Duduk dengan gaya seorang diplomatis berkain putih dan memakai sepatu aladin. Semua itu berawal ketika sepi dan kutinggal konsentrasi kepada kertas ajaib yang bisa membuatku berimajinasi dan melihat dunia, hanya dengan memandangnya berlembar-lembar sampai-sampai celetukan yang begitu mencari perhatian mengesalkanku. Membanggakan dirinya secara tidak langsung dengan arah senada amarah dan melakukanya dengan sebuah perantara supaya tak terlalu kentara, kalau sedang membanggakan dirinya sendiri. Seperti teguran atau penegasan bahwa hanya dia, hanya dia, hanya dia dan dia saja yang telah melakukan sebuah hal yang seharusnya dilakukan dilingkungan pendidikan tinggi yang kisah nya seperti kacang polong ajaib penghubung antara kerajaan langit dan bumi.

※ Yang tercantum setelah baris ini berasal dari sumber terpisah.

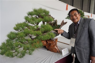 這株五葉松價值百萬,苗栗園藝世家負責人陳敏達說,五葉松不耐風吹,從種子到成熟需要20至25年,外表才會龜裂撥殼,真正脫胎換骨。圖/喻文玟
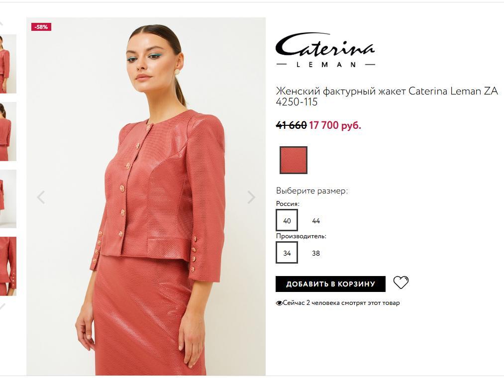 Previously, such a jacket cost 60,000 rubles (about $670 at current rates). Now it can be taken for 18,000 rubles (about $200 at current rates) with a discount. The skirt from the suit will cost less — only 9,000 rubles (about $100 at current rates). And before the markdown, it was sold for 32,000 rubles (about $360 at current rates). The models were developed in Switzerland, the fabric composition is almost half viscose and cotton.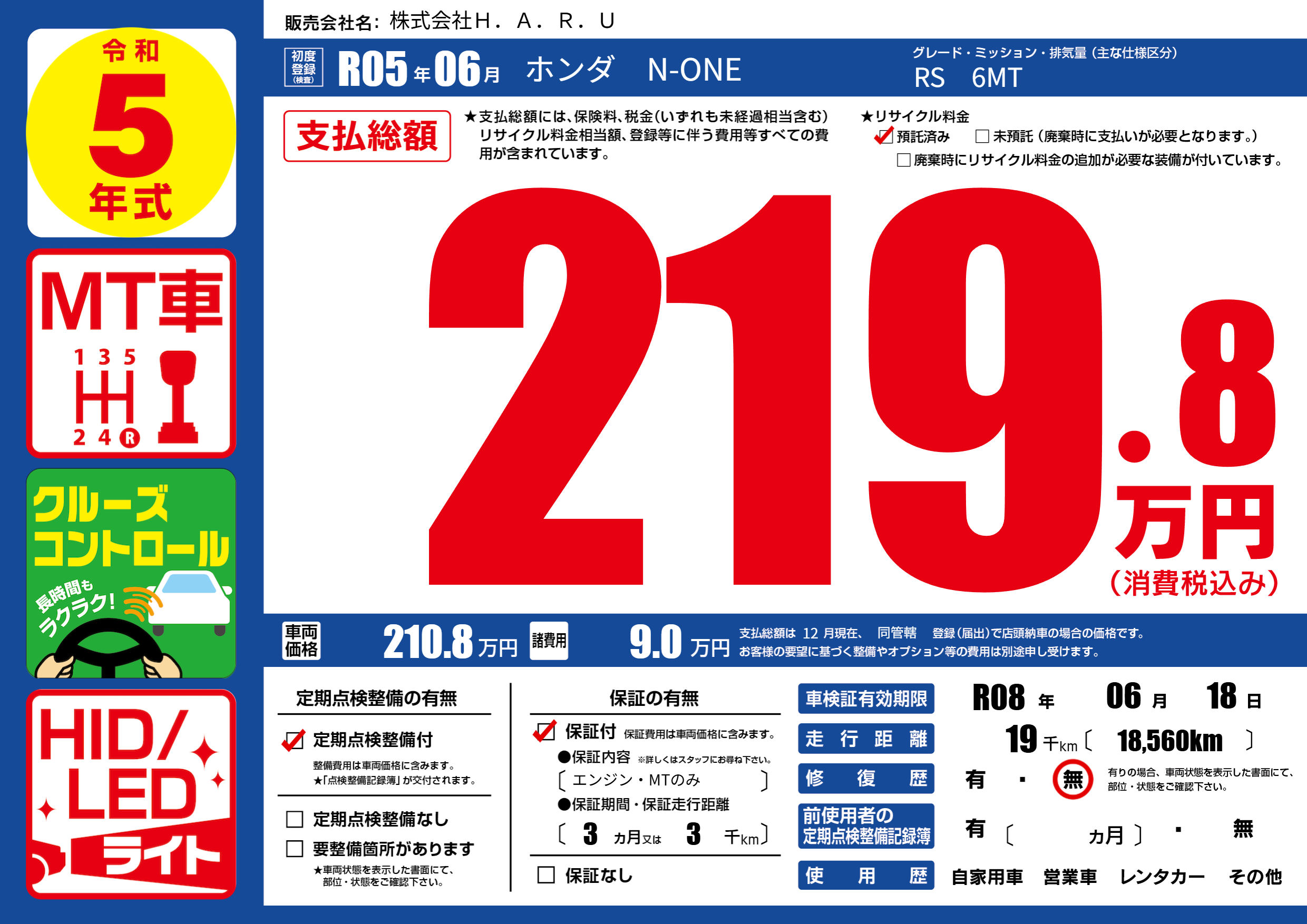 なし | 車検制限 | R08年06月18月 |

Kalau dari luar dan sedang mengeluh sambil menghibur diri. Terlihat sekumpulan manusia yang mempercayakan diri kepada pendidikan tinggi tetapi manusia ini berasal dari jauh, barat sana. Mereka kadang suka galau dan tak menentu perasaanya. Seperti setiap hari harus menghibur diri tampa menyibukan diri dan berusahan untuk menilai, mengunjing, mencemooh, mengkritisi, membujuk, menipu diri, mencari seribu penegasan, menata keuntungan pribadi, melangkahkan sekurelitas pikiran dan hati, menjelma diri lain, mencari eksistensi yang mati, mengumbar telaah pribadi, memastikan semua hal-hal yang tidak pasti akan, dimana, dan seperti apa jadinya. Semua sibuk dengan menghibur diri. Jauh dari tempat asal membuat mereka seperti mahluk selain mahluk yang tak percaya bahwa mereka disini dan akan bernasib seperti yang sudah dan akan selalu seperti ini. pikiranya jauh dari keseriusan yang absah, dimana semua adalah relatif bahkan ilmu pasti tak pernah dipakai oleh mereka demi membuat sebuah cara, agar bagaimana mengakali diri mereka untuk nyaman disebuah keadaan yang sesungguhnya tidak membuat mereka nyaman dan tak barang tentu sebuah gagasan untuk menemukan cara agar bisa mengakali diri, menipu hati, merubah kaidah kaidah pasti bahwa sesungguhnya mereka begitu rindu tanah asli mereka, pasif dan akan menunggu sampai kapanpun. Enta akan berakhir atau akan berbeda seperti keseharusan putaran zaman. Jika semua paham mengenai cara untuk lebih nyaman adalah meninggalkan kenyamanan dan membungkam penyia-nyia’an. Karena hal itu akan membuat terlena dan lekas punah. Punah seluruhnya, tiada yang tersisa, hingga seakan ada kesadaran-kesadaran bahwa akan terjadi perubahan.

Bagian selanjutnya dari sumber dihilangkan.